Tutorial¶

Example with a 2D Uniform Distribution¶

This example generates a 2D random uniform distribution. We will use these points to show how you can use Grid and GriSPy to index and query for neighbors.

Keep in mind that the class Grid provides the funcitonality needed to index the points. The class GriSPy inherits from Grid all its functionalities and adds the relevant methods to perform neighbors queries: set_periodicity, bubble_neighbors, shell_neighbors and nearest_neighbors. For completeness, we will show the example using GriSPy.

### Table of Contents

* Create a random distribution of points

* Index the points with Grid/GriSPy

* Creating your curstom distance function

Create a random distribution of points¶

Import GriSPy and others packages¶

[1]:

import numpy as np
import matplotlib.pyplot as plt

import grispy as gsp

Create random points and centres¶

[2]:

Npoints = 10 ** 3
Ncentres = 2
dim = 2
Lbox = 100.0

rng = np.random.default_rng(seed=0)
data = rng.uniform(0, Lbox, size=(Npoints, dim))
centres = rng.uniform(0, Lbox, size=(Ncentres, dim))

Index the points with Grid/GriSPy¶

[3]:

grid = gsp.GriSPy(data, N_cells=32)

You can get some information about the grid using some helpfull methods:

[4]:

grid.shape   # number of cells per dimension

[4]:

(32, 32)

[5]:

grid.edges   # grid edges in each dimension

[5]:

array([[2.97613690e-01, 1.90001607e-02],
       [9.99501352e+01, 9.98067457e+01]])

[6]:

digits = grid.cell_digits(centres)   # check the cell indices (or digits) where a given set of points would fall
digits

[6]:

array([[31,  1],
       [29,  8]], dtype=int16)

This means that from the 2 input points, the first would be located in the cell (31, 1) and the second in (29, 8).

[7]:

grid.cell_count(digits)   # number of points in the array `data` that where indexed at initialization

[7]:

array([2, 0])

[8]:

grid.cell_centre(digits)    # position of each cell centre

[8]:

array([[98.39306458,  4.69655073],
       [92.16478198, 26.52512006]])

The digits of cells can be used in other useful methods like cell_walls or cell_points.

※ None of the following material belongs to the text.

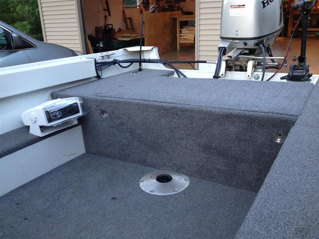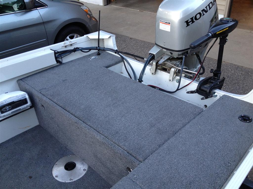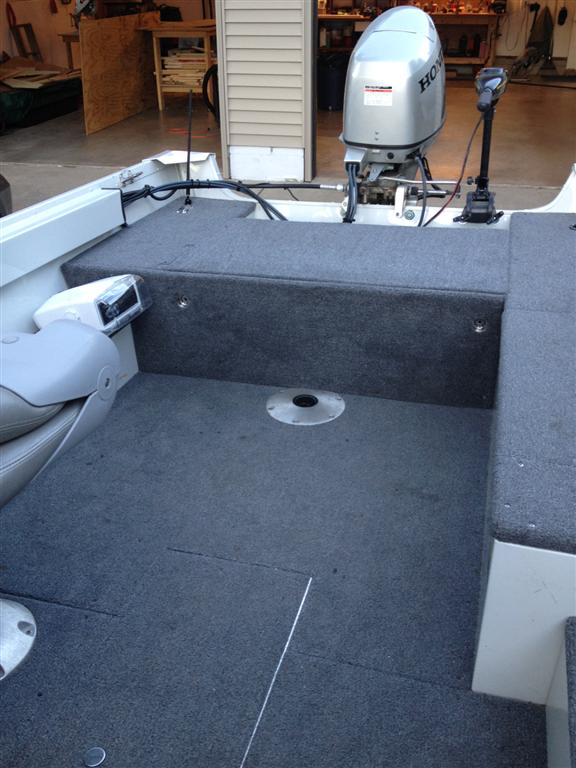 | I built mine using a similar concept to Cave Run Legend. I used standard grade plywood and just put several coats of fiberglass resin on it to seal everything. I also did away with the captains chair pedestal. I just set a seat right on the deck if I know Ill be driving a lot. Batteries, tackle boxes etc. slide right under it. I used indoor/outdoor carpeting from Menards. I think all in it was like 25 bucks to build. Its also easily removable If I need to get back there to service the bilge or if I ever sell the boat and the next owner doesn't want it. |

Another important method is contains which shows if a given set of new points are contained by the grid.

[9]:

points = np.array([
    [30., 50.],
    [-10., -10.]
])
grid.contains(points)

[9]:

array([ True, False])

Set periodicity conditions¶

Set periodicity conditions on x-axis (or axis=0) and y-axis (or axis=1)

[10]:

periodic = {0: (0, Lbox), 1: (0, Lbox)}
grid.set_periodicity(periodic, inplace=True)
grid

[10]:

GriSPy(N_cells=32, copy_data=False, periodic={0: (0, 100.0), 1: (0, 100.0)}, metric='euclid')

Also you can build a periodic grid in the same step

[11]:

grid = gsp.GriSPy(data, periodic=periodic)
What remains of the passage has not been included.